12 nov. 2012

Más ganas que juego

DOMINGO, 11 DE NOVIEMBRE 2012. URUGUAY.



No había dudas. Hoy no era un día más en nuestro país. Las grandes masas populares que los dos equipos grandes poseen, se agitaron más que nunca: el Clásico del fútbol uruguayo había llegado en una nueva edición. Más ganas que juego, así me animo a resumir el trámite del juego. El resultado final fue 0-0 y si se quiere, bastante justo. Ambos equipos tuvieron ciertas ocasiones para concretar, pero a ciencia cierta ninguno superó al otro.

Preparativos y cábalas... muchas. En mi caso, colocar en el patio la bandera que tengo del tricolor, colgada en un caño alto. La continua brisa del tiempo, y bajo un cielo totalmente gris, la bandera se agitó una y mil veces meciéndose al compás del viento.
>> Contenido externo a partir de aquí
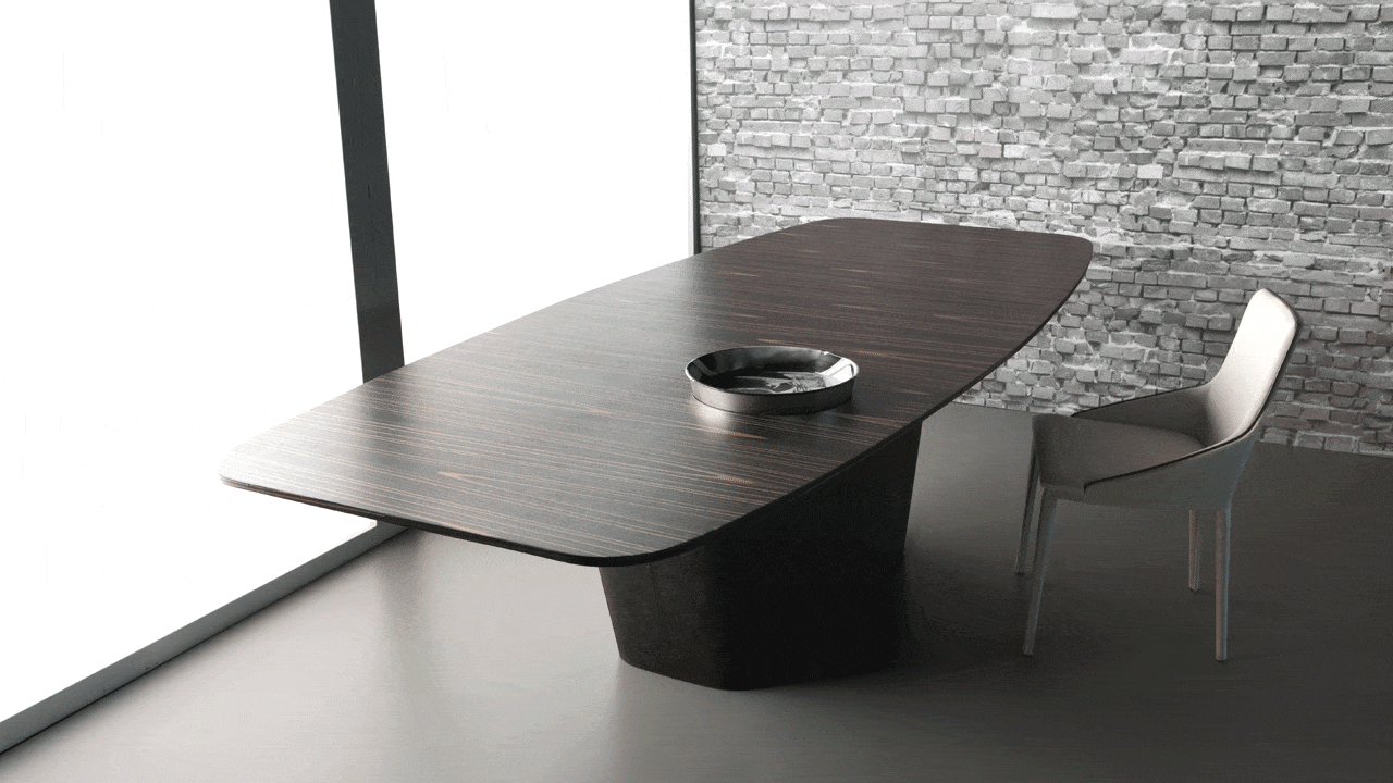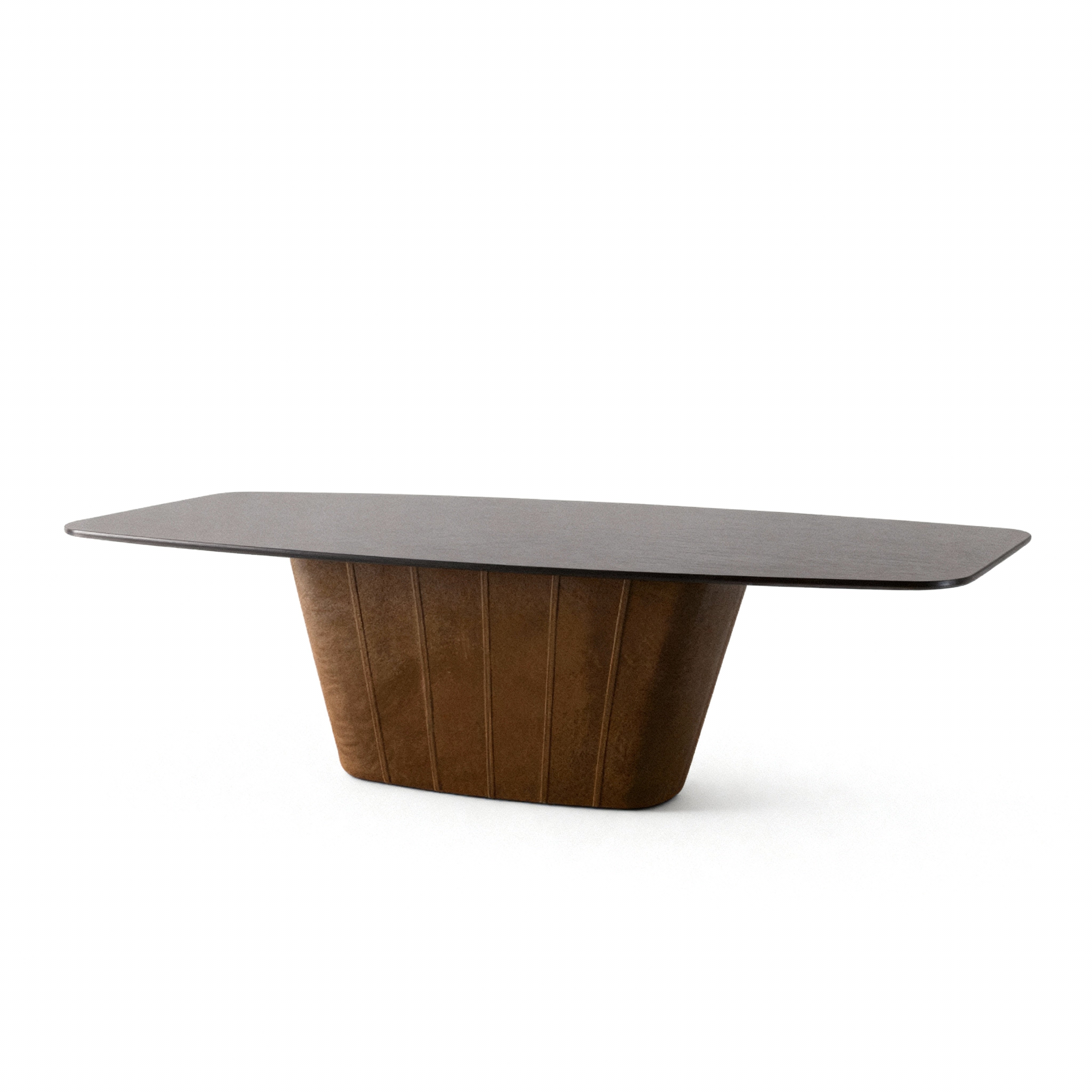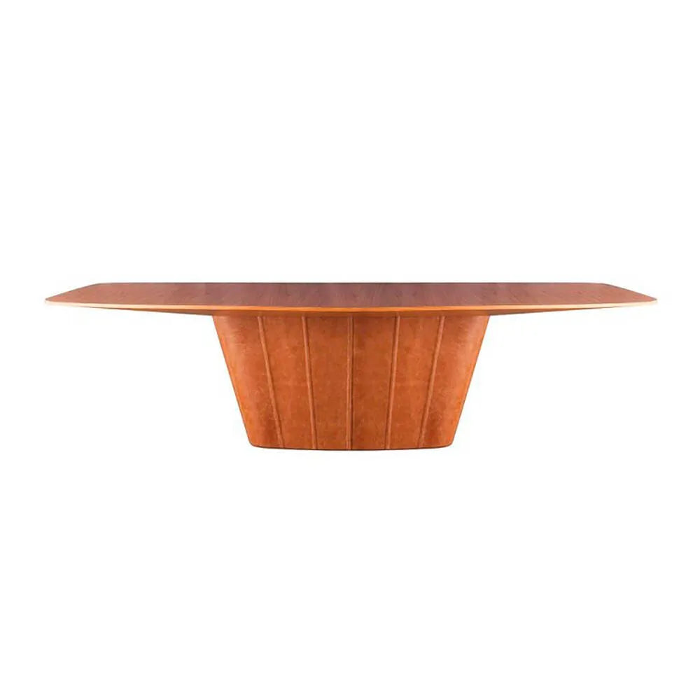 Mesa de jantar em madeira e couro.
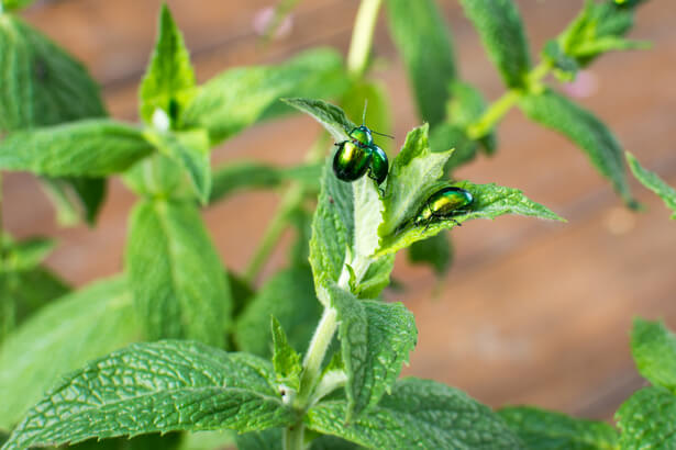 La menthe produit des fleurs qui ne sont pas sans intérêt mellifère, mais la menthe est également consommée par des insectes, les chrysomèles, qui comme on l’a vu pour le millepertuis, ont toutes leur place dans la chaîne alimentaire.
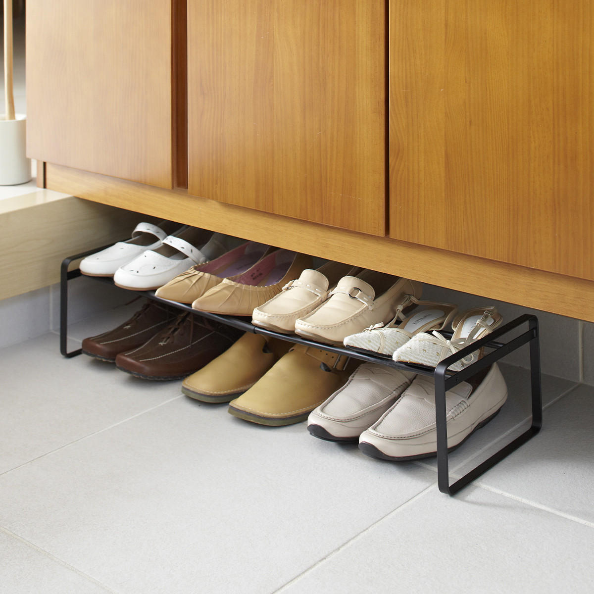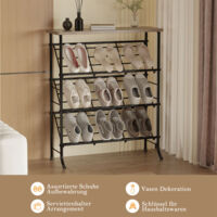 Schluss mit Schuhchaos! Dieses schmale 3-stufige Regal von Vasmeiy bringt Ordnung in deinen Flur. Aus rostfreien Metallrohren und robusten Kunststoffverbindern - hält ewig und sieht dabei noch gut aus! Bis zu 6 Paar Schuhe finden hier Platz, ohne viel Raum wegzunehmen. Super für enge Flure, Kleiderschränke oder die Garage. Das Beste: Montage komplett ohne Werkzeug! Einfach die Metallrohre in die Plastikverbinder stecken - fertig in wenigen Minuten. Und das Regal ist nicht nur für Schuhe gut: Handtaschen, Bücher, sogar kleine Pflanzen finden hier Platz. Die glatte Oberfläche lässt sich easy mit einem feuchten Tuch reinigen. Jede Ebene ist verstärkt und trägt auch schwere Stiefel problemlos. Das schwarze Design passt zu jedem Einrichtungsstil - ob modern oder klassisch. Und falls du mal mehr Platz brauchst: Die Regale sind stapelbar! Einfach ein zweites oben drauf setzen. Perfekt für Familien, WG-Bewohner oder alle, die einfach mehr Ordnung brauchen. Mach deinen Eingangsbereich endlich aufgeräumt und begrüß deine Gäste ohne verstreute Schuhe! Übrigens: Die Anti-Rost-Beschichtung sorgt dafür, dass das Regal auch in feuchten Räumen wie Badezimmern haltbar bleibt.
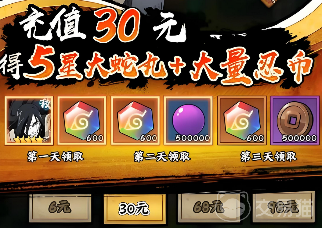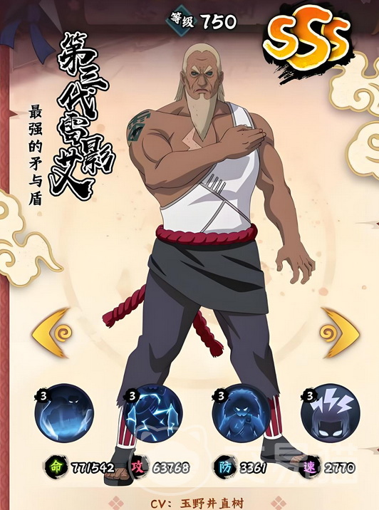 在游戏中通过首充就可以直接获得大蛇丸,这也是很多玩家都会使用这个忍者的重要原因。另一个原因就是自身的技能非常强悍,无论是主动还是被动都是如此。大蛇丸的主动技能三重罗生门,对敌方全体造成100%攻击力的伤害,每击中一个敌方角色,都有50%的几率,给大蛇丸附加一层抵御效果。每带有一层抵御,可提升5%的抗暴率,在受到必杀技攻击时,会反弹部分伤害此,效果最多叠加到5层,每层持续4回合。
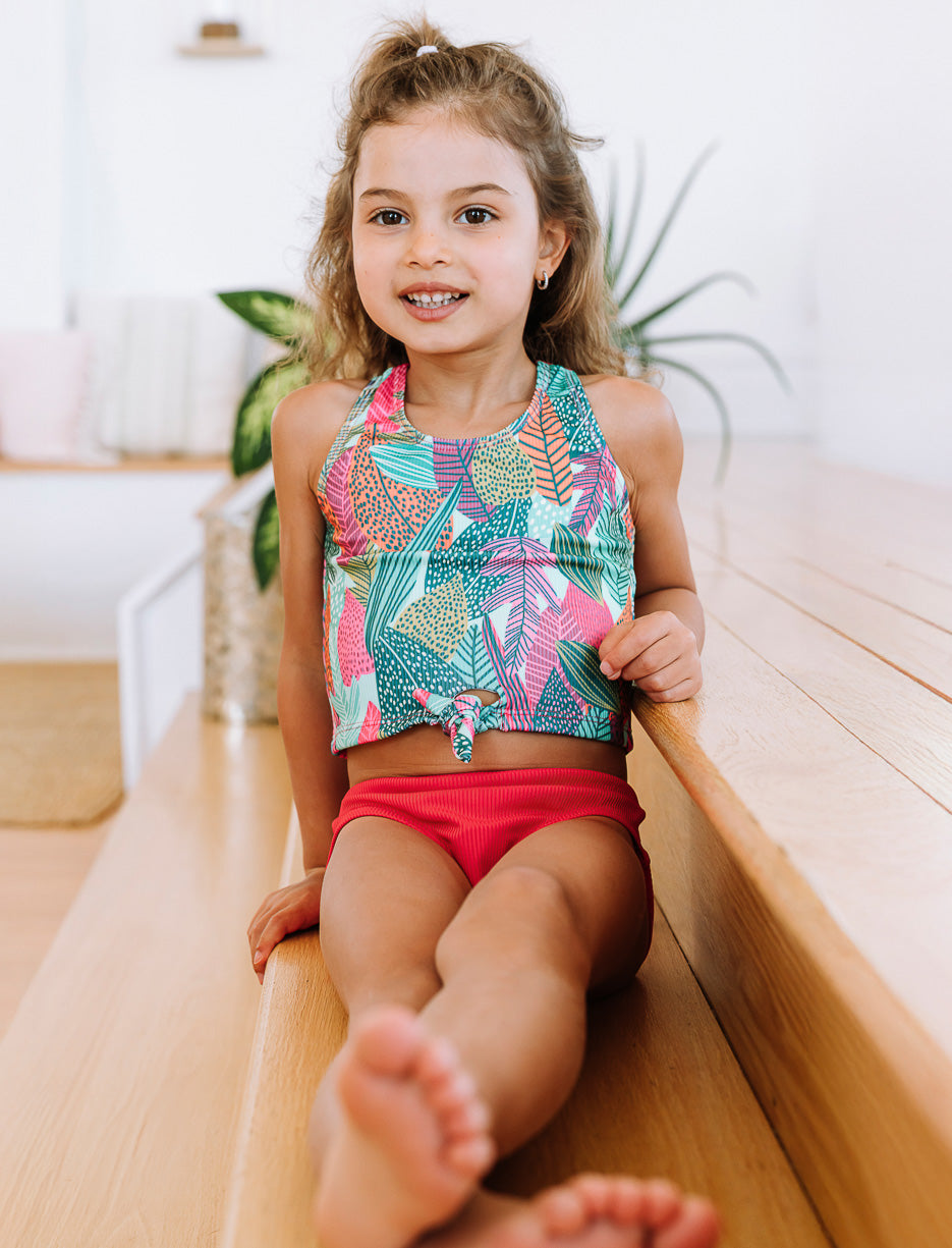 Ajoutez une touche ludique à la garde-robe de plage de votre petite avec ce maillot 2 pièces. Le haut à larges bretelles se noue à l’avant pour un style charmant, tandis que le bas assorti assure un ajustement confortable pour jouer librement.
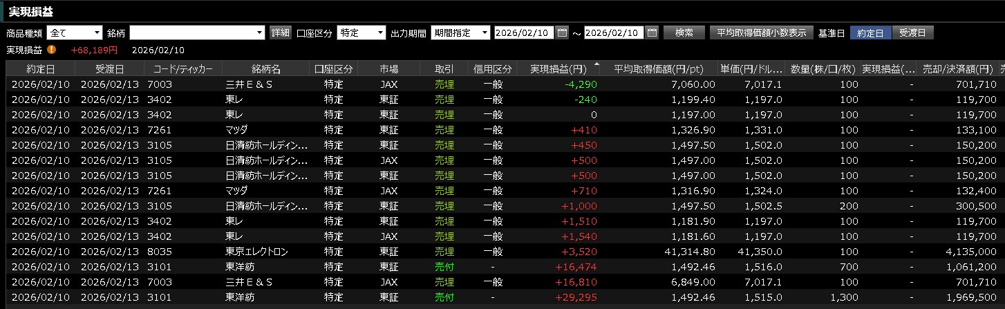 今日はニッスイをもっと長く持っておくべきでしたよ。それだけです。良い決算だったのにすぐに投げてもた。それだけが悔やまれる・・・本日ワイの取引は以下のとおりです。今日は小銭を稼ぐために随分回転させましたよ。
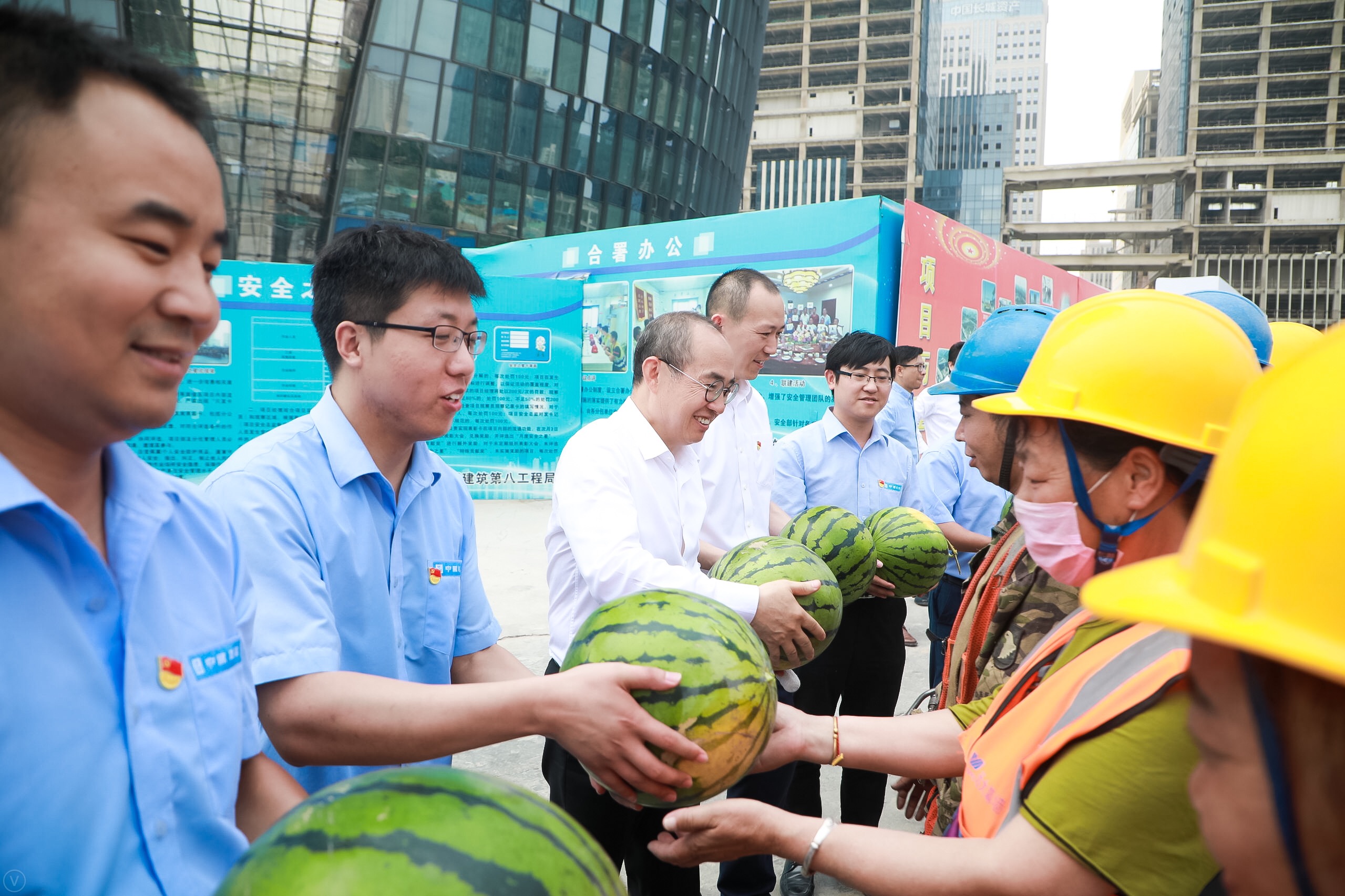 表彰大會結(jié)束后,SOHO中國各位領(lǐng)導(dǎo)與麗澤SOHO項(xiàng)目管理團(tuán)隊(duì)合影留念。同時(shí)為傳遞對一線職工的關(guān)懷與關(guān)愛,麗澤SOHO項(xiàng)目黨支部精心組織了夏日“送清涼”活動,黨支部邀請潘石屹、王濤一起為農(nóng)民工兄弟發(fā)西瓜。
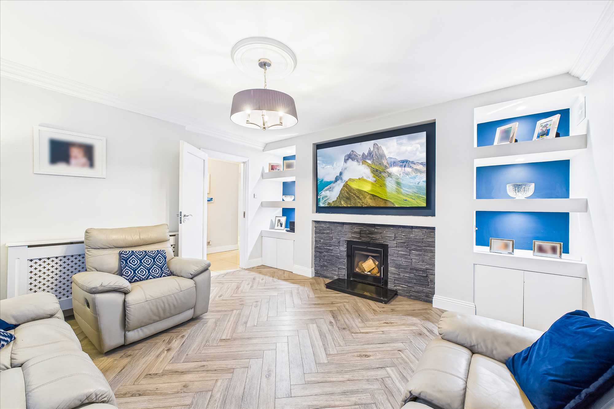Sitting Room: 4.6m x 4.2m. Wood heating, blinds, feature wall with stove.
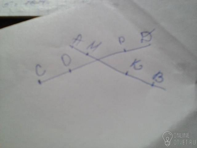 Начертите пж прямую AB и луч OM и отрезок CD и EK так,чтобы отрезок CD лежал на прямой AB , луч OM ПЕРЕСЕКАЛ отрезок EK. Будет ли прямая AB пересекать луч OM
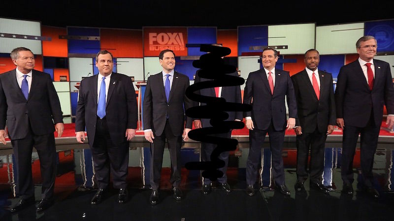 This evening will be notably lacking Donald Trump, a.k.a. the Alison DiLaurentis of the group (I just started watching Pretty Little Liars!) a.k.a. the popular, chatty, outrageous one who binds the girls together and dictates the group’s energy. Now that he’s left them behind (you can follow along with a live blog of his protest-cum-narcissistic wank off here), what will become of the others? Will John Kasich act out or stick to the talking points? Will Jeb Bush finally express an opinion? Will Ted Cruz unzip his skin and reveal that he is just a pile of used napkins? Will Chris Christie explode like a rocket and shoot through the ceiling?
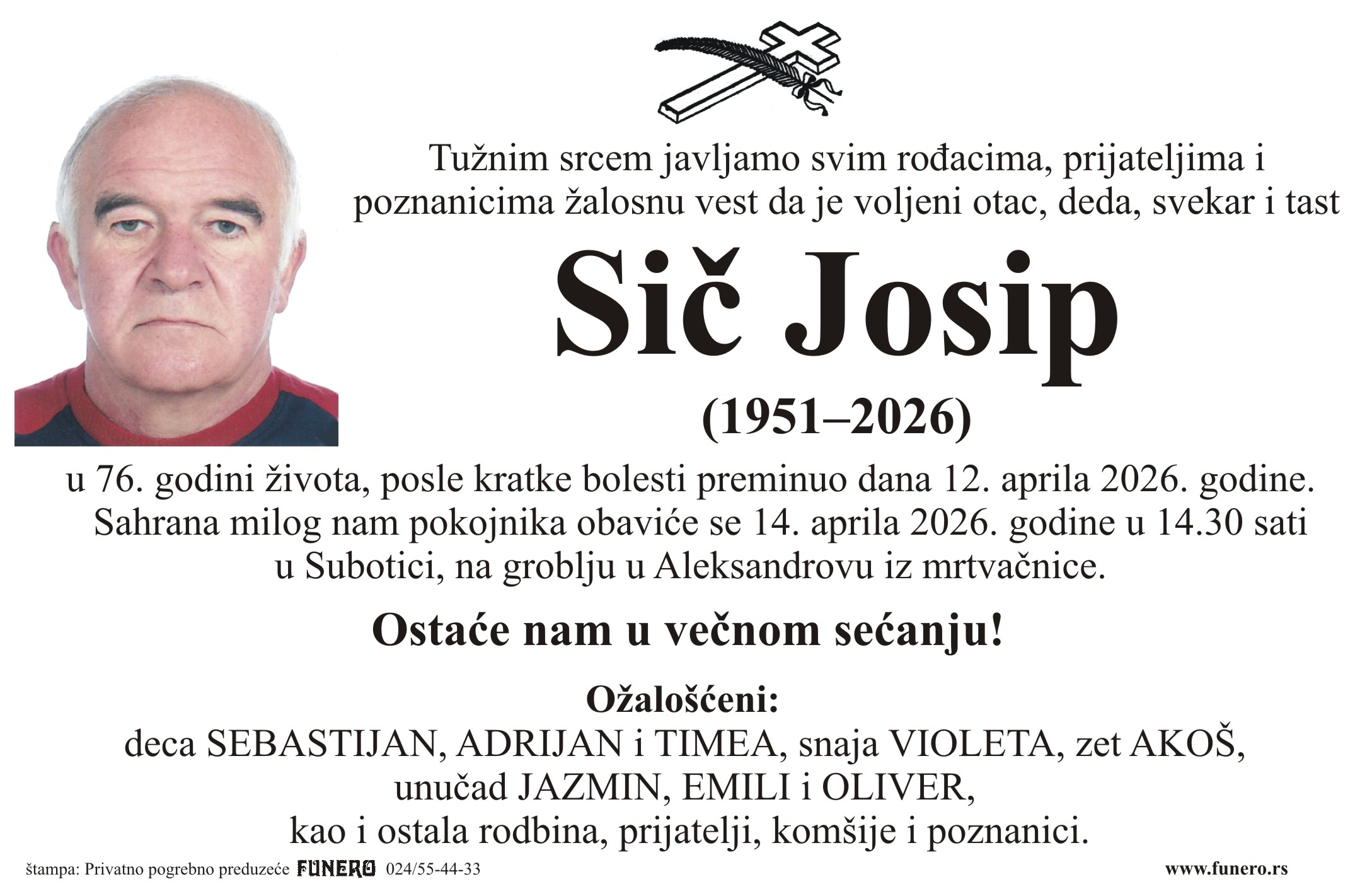 Raspored sahrana u Subotici za 14. april 2026. godine – UTORAK
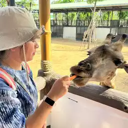 Sri Ayutthaya Lion Park. This place is spacious, with many animals, including many crocodiles, bird shows, giraffes 🦒 elephants, and many more. You can feed them at every point. Tigers 🐅 Feed the tigers. The feeding price is 50 baht. The entrance fee is 150 baht for adults and 50 baht for children. There are tiger, elephant, dolphin, and crocodile shows. 🐊 Feed giraffes, zebras 🦓 There is a cat house corner.
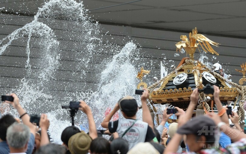 【8月17日 AFP】江戸三大祭の一つ、深川八幡祭り(Fukagawa Hachiman Festival)の連合渡御(とぎょ)が17日、東京都江東区の富岡八幡宮周辺で行われた。沿道の観客からみこし行列の担ぎ手たちに清めの水がかけれられる中、50基以上のみこしが一帯を練り歩いた。(c)AFP

El colorido en las tribunas fue estupendo. Centrándome en la de Nacional; belleza, mucha belleza. Los colores rojo, blanco y azul, demarcados en tres franjas sobre la Colombes, relucieron y resplandecieron en la tarde gris. Y ni hablar del continuo aliento y las ganas que partido tras partido, mucho más acentuado hoy que en otras ocasiones, que resonó y resonó.

Primer tiempo de Peñarol. Básicamente manejaron la pelota y llegaron con más frecuencia. Alguna pelota en el palo, otra contenida por Bava. Pero tampoco mucho más. Luego del presunto ‘asedio’ del carbonero, Nacional pudo controlar el partido a su manera; si bien la pelota le fue fiel sobre el segundo tiempo, aproximadamente desde los 30’ del primer período, supimos manejar mejor los tiempos.

El segundo tiempo estuvo más teñido de blanco. Nacional se fue soltando de a poco, y Calzada junto a Romero tuvieron un mayor ida y vuelta, distribuyendo la pelota; Recoba, como siempre, dando su cuota de magia y brindándole al equipo la pausa justa y la acción inteligente de hacia dónde ir. Núñez cuando pudo fue y vino por banda derecha, aunque no con la frecuencia de otros juegos. Damonte bastante bien, proponiendo esa salida vertical que tiene; a veces fallando en pases, pero supliendo dicha falta con muchas ganas y recuperación.

Medina. Definitivamente en estos partidos es cuando uno entiende su apodo: ‘Cacique’. Más que Cacique, deberían llamarlo león. Siempre se las ingenia para complicar, para ir al choque y generar algo diferente. Tal vez no de una manera limpia y con moño, pero sí siendo importante. Y su invicto clásico se extiende ya a diez partidos: ocho victorias y dos empates, contando el de hoy.

No por nada se eligió a Jorge Bava como jugador del partido (por la transmisión de VTV). El arquero demostró que posee clase. Y si bien declaró de manera dura ante Tenfield y los periodistas que sobrevaloran a Peñarol, me pareció muy correcto y hasta bien dicho lo que dijo. Resumiendo: «El bicampeón es Nacional. El que gana los clásicos es Nacional».

Lembo y Scotti perfectos. Juan Manuel Olivera no se vio, y aún no sé si jugó o no el partido. La tarea de los centrales tricolores logró anular la presencia del 9 carbonero. Así como también a los demás hombres de ofensiva que tiene Peñarol, como por ejemplo Zalayeta. El lateral izquierdo, Pablo Álvarez, cometió un error que pudo haber costado la derrota. Quitando eso, hizo un partido aceptable, como el equipo entero.

Adrián Luna falló un gol increíble, pero para ser su debut clásico lo hizo bien. Por ahí faltó que apareciera con mayor frecuencia en el juego, pero siempre que intervino probó algo diferente. Vicente Sánchez, Taborda y Matías Cabrera ingresaron faltando pocos minutos, evaluar su actuación sería prácticamente imposible. Cabrera tocó un par de pelotas intentando habilitar a Taborda; éste hizo falta en un forcejeo y cayó dos veces en fuera de juego.

En cuentas resumidas, bajo a la vista de la prensa, el gran favorito era Peñarol. Pero Nacional demostró que no está ni dos, ni tres ni cuatro goles, ni tampoco uno, bajo los aurinegros. El equipo tuvo personalidad y hubo ciertos lapsos en el partido en el que dominó y mereció la diferencia. La mencionada jugada de Luna fue una de esas ocasiones clarísimas que se desperdiciaron. Y Peñarol tampoco pudo marcar diferencias cuando hacía méritos para conseguirla.

En general, en ambos equipos, pudo verse que si quisieron pero no pudieron; en definitiva, se vio más ganas que juego.